## What this task involves
Please give back, exactly as written, the lines from the line with "截至2020年3月31日,伯" to the line with "ухода за детьми-инвалидами" in the listing below, leaving out all pictures.

## Task data
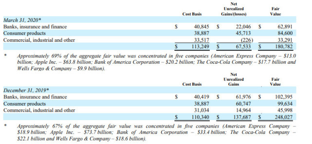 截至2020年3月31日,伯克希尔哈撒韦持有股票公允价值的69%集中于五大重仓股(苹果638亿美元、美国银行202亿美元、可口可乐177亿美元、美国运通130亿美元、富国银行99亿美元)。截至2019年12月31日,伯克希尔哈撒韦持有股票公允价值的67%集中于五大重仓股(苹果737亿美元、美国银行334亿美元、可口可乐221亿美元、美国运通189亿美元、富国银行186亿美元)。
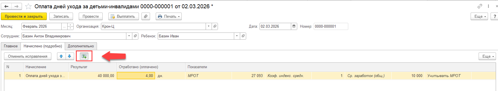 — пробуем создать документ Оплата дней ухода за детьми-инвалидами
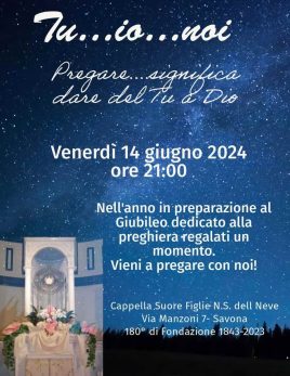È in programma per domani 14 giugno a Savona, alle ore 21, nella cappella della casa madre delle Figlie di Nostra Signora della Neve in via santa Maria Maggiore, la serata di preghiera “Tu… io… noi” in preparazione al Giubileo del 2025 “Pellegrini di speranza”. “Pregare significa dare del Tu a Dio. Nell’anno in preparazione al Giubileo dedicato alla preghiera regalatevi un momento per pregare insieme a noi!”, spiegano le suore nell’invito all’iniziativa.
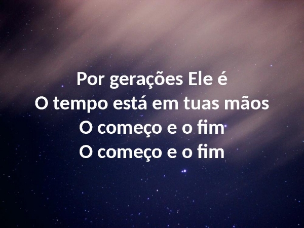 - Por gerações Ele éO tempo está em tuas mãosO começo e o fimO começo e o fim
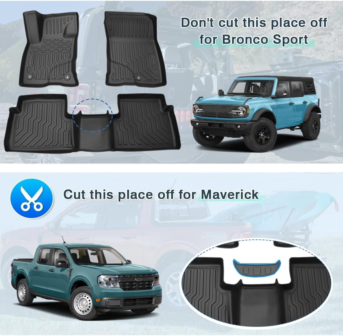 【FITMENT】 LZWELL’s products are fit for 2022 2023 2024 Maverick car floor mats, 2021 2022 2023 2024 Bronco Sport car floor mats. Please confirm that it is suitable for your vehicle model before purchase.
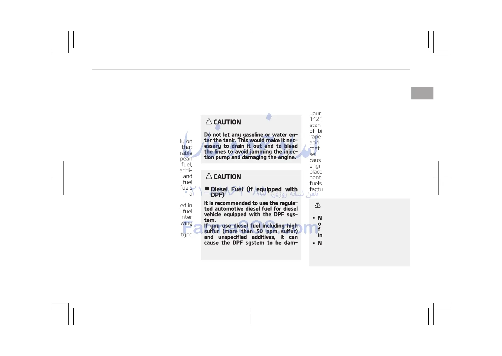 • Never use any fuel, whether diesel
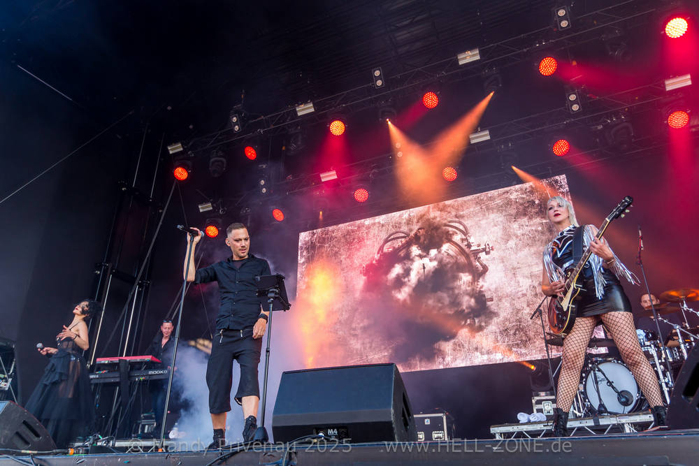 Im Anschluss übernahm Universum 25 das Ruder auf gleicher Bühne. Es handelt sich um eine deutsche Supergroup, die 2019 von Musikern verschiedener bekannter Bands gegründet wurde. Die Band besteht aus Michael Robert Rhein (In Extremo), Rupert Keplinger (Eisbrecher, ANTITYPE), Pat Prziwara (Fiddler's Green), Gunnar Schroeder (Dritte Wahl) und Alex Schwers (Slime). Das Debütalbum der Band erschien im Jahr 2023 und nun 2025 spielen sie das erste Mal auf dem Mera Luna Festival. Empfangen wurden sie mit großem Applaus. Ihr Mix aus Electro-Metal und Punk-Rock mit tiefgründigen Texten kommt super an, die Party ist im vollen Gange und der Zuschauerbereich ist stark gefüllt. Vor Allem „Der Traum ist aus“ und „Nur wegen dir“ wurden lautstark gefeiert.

--

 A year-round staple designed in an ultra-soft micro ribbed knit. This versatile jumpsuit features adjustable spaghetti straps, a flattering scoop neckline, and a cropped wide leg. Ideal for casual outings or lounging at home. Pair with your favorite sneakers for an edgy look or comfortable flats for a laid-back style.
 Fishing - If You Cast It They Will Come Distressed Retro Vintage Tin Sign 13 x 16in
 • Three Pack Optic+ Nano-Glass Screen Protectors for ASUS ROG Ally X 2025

## Solution to the problem
 截至2020年3月31日,伯克希尔哈撒韦持有股票公允价值的69%集中于五大重仓股(苹果638亿美元、美国银行202亿美元、可口可乐177亿美元、美国运通130亿美元、富国银行99亿美元)。截至2019年12月31日,伯克希尔哈撒韦持有股票公允价值的67%集中于五大重仓股(苹果737亿美元、美国银行334亿美元、可口可乐221亿美元、美国运通189亿美元、富国银行186亿美元)。
 — пробуем создать документ Оплата дней ухода за детьми-инвалидами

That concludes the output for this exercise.